On the three skills managers can teach their employees to engage them:
The idea that we all have some ideal job out there is a rather empty idea. No matter how engaged they are at work, no one has a job that incorporates one activity that they love. Everyone’s job has a whole welter of different activities and relationships and expectations. And these things come down on each and every one of us like a tidal wave or a mud slide every week.
The first skill we have to learn is to help people identify specifically which activities invigorate us and which deplete us. Most of us are terrible at that. We seem to think our strengths are what we’re good at and our weaknesses are what we’re bad at. And then, of course, many of us have things we’re quite good at but we hate to do, or that bore us or that drain us. Those can’t be strengths because we never want to do them again.
The second skill is, “What is the best way to have a strong week?”
When you look at the most successful people, they seem to spend a disproportionate amount of time doing activities that invigorate them. What we have to realize is that didn’t happen overnight or by accident. It happened deliberately and gradually. So what each one of us needs to learn how to do is each week have a strong week plan. How do you each week push your time toward certain activities that seem to invigorate you and away from those that seem to deplete you? How do you do that when, frankly, the world and the company you work for is ambivalent about you and your strengths?

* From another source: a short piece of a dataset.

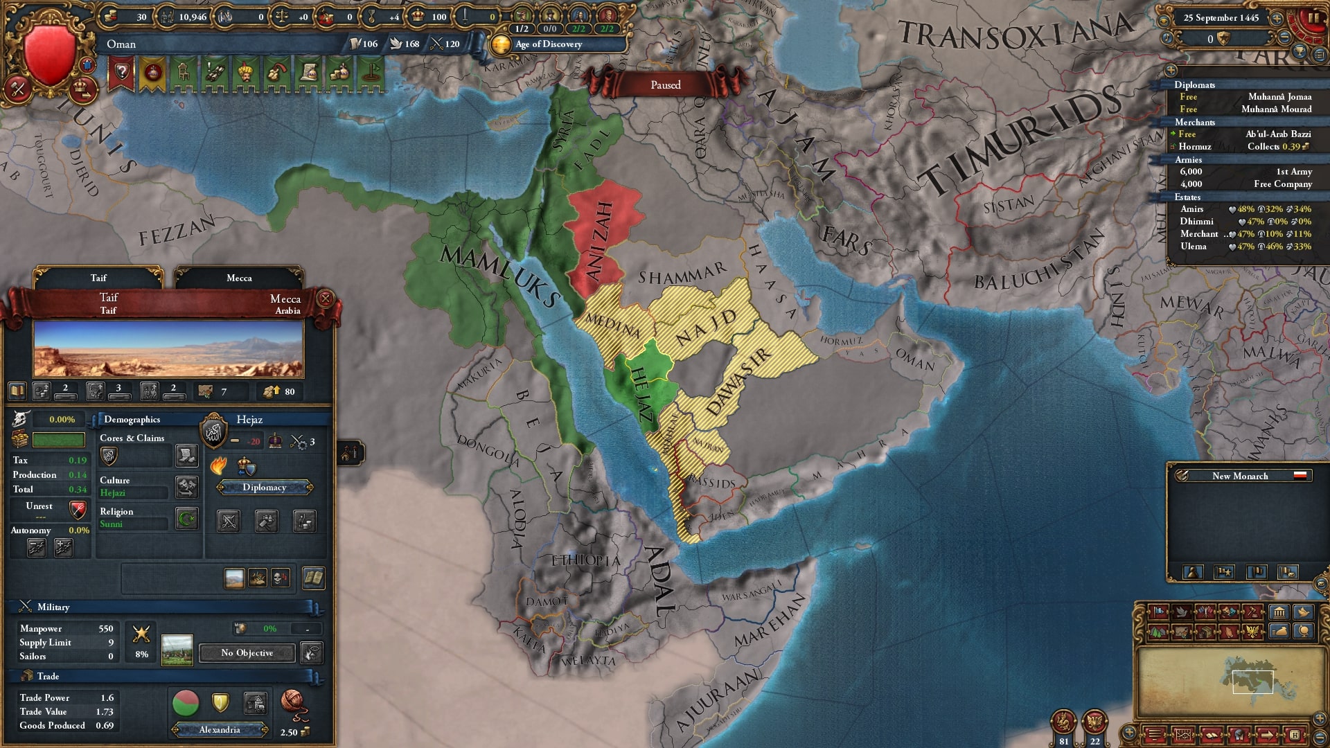 1.35以前の大人しいマムルークと比べて、1.36マムルークはアラビア半島での拡大を素早く行う傾向があります。原因はマムルークの新ミッション...ではなく属国ヒジャーズの新ミッションです。

The third skill we have to teach people is how to talk about strengths without boasting or talk about weaknesses without whining. We don’t know how to talk about activities that invigorate us without sounding pompous. And we don’t know how to talk about activities that deplete us without sounding wimpy and weak. In fact, if you talk to your manager about performance, under a quarter of people say, “We talk about my strengths.” We don’t have a language in the workplace to talk about strengths and weaknesses. That language would have to be a very emotional language. When speaking about strengths, you would have to use words such as “I love it when,” “I get a kick out of it when,” “I’m thrilled by.” And, with weaknesses, you would have to learn a language such as “it depletes me when,” “it drains me when,” “it sucks the life out of me when,” “I can’t stand it when.” We don’t use that language at work. We talk about skill sets and high potential and goals and career pathing and all kinds of anemic terms like that.
A final thought:
A lot of investigation needs to be done on our people processes and I see a lot of companies beginning to get intrigued by that, even though they don’t yet know quite how to change their people processes to be explicitly strengths-based. We have applied the principles of process improvement to people improvement, and the problem is that processes are endlessly malleable and people aren’t. People aren’t endlessly tweakable. A system for baggage handling you can probably tweak until you’re blue in the face. But I can’t tweak you.
Along the way I believe we will get better and better at engaging our employees using communication and other methods. I think it will be a fantastic next 10 years.